I have an HTTPHandler that is reading in a set of CSS files and combining them and then GZipping them. However, some of the CSS files contain a Byte Order Mark (due to a bug in TFS 2005 auto merge) and in FireFox the BOM is being read as part of the actual content so it's screwing up my class names etc. How can I strip out the BOM characters? Is there an easy way to do this without manually going through the byte array looking for "???"?

我有一个 HTTPHandler 正在读取一组 CSS 文件并将它们组合起来，然后对它们进行 GZipping。但是，一些 CSS 文件包含一个字节顺序标记（由于 TFS 2005 自动合并中的错误），并且在 FireFox 中，BOM 被作为实际内容的一部分读取，因此它搞砸了我的类名等。我该如何剥离出 BOM 字符？

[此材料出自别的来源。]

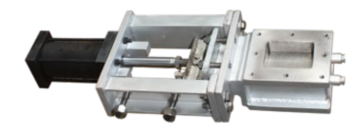
Bonnetless Knife Gate, 150 psi, 304L SS, Extended F-to-F, Purge Ports, Pneumatic, Co-Gen Plant Wood Chip Processing

有没有一种简单的方法来做到这一点，而无需手动通过字节数组寻找“???”？

Answer 1

回答by JaredPar

Expanding on Jon's commentwith a sample.

使用示例扩展Jon 的评论。

var name = GetFileName();
var bytes = System.IO.File.ReadAllBytes(name);
System.IO.File.WriteAllBytes(name, bytes.Skip(3).ToArray());

Answer 2

回答by Tim Bailey

Another way, assuming UTF-8 to ASCII.

另一种方式，假设 UTF-8 为 ASCII。

File.WriteAllText(filename, File.ReadAllText(filename, Encoding.UTF8), Encoding.ASCII);

Answer 3

回答by Tim Bailey

var text = File.ReadAllText(args.SourceFileName);
var streamWriter = new StreamWriter(args.DestFileName, args.Append, new UTF8Encoding(false));
streamWriter.Write(text);
streamWriter.Close();

Answer 4

回答by Olivier de Rivoyre

Expanding JaredPar sample to recurse over sub-directories:

扩展 JaredPar 示例以递归子目录：

using System.Linq;
using System.IO;
namespace BomRemover
{
    /// <summary>
    /// Remove UTF-8 BOM (EF BB BF) of all *.php files in current & sub-directories.
    /// </summary>
    class Program
    {
        private static void removeBoms(string filePattern, string directory)
        {
            foreach (string filename in Directory.GetFiles(directory, file  Pattern))
            {
                var bytes = System.IO.File.ReadAllBytes(filename);
                if(bytes.Length > 2 && bytes[0] == 0xEF && bytes[1] == 0xBB && bytes[2] == 0xBF)
                {
                    System.IO.File.WriteAllBytes(filename, bytes.Skip(3).ToArray()); 
                }
            }
            foreach (string subDirectory in Directory.GetDirectories(directory))
            {
                removeBoms(filePattern, subDirectory);
            }
        }
        static void Main(string[] args)
        {
            string filePattern = "*.php";
            string startDirectory = Directory.GetCurrentDirectory();
            removeBoms(filePattern, startDirectory);            
        }       
    }
}

I had need that C# piece of code after discovering that the UTF-8 BOM corrupts file when you try to do a basic PHP download file.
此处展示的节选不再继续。